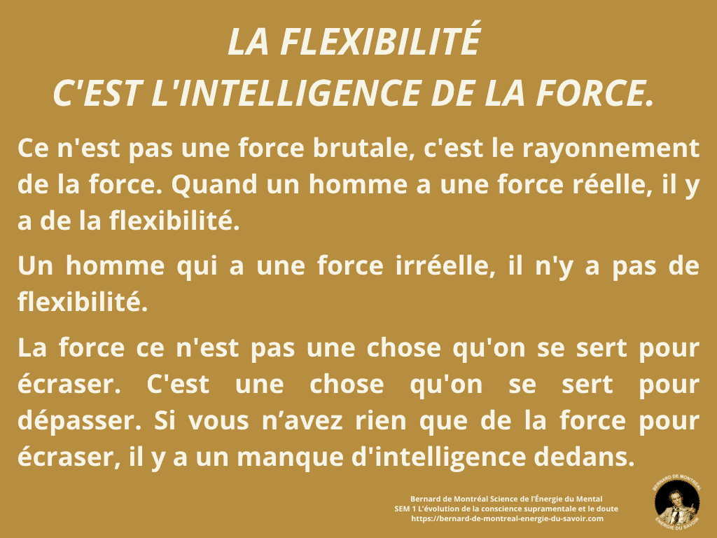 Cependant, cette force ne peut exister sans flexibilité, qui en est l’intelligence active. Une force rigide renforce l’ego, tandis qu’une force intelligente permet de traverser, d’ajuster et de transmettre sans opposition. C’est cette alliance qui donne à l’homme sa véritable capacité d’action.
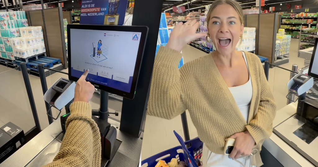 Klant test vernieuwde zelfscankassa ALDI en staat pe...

---

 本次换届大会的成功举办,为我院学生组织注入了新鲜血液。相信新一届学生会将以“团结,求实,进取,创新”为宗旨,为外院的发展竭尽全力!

Work order: Precisely those lines above that run from the line with "Cependant, cette force" up to and including the line with "Klant test vernieuwde" are to be set down, with the pictures omitted.

Answer:
 Cependant, cette force ne peut exister sans flexibilité, qui en est l’intelligence active. Une force rigide renforce l’ego, tandis qu’une force intelligente permet de traverser, d’ajuster et de transmettre sans opposition. C’est cette alliance qui donne à l’homme sa véritable capacité d’action.
 Klant test vernieuwde zelfscankassa ALDI en staat pe...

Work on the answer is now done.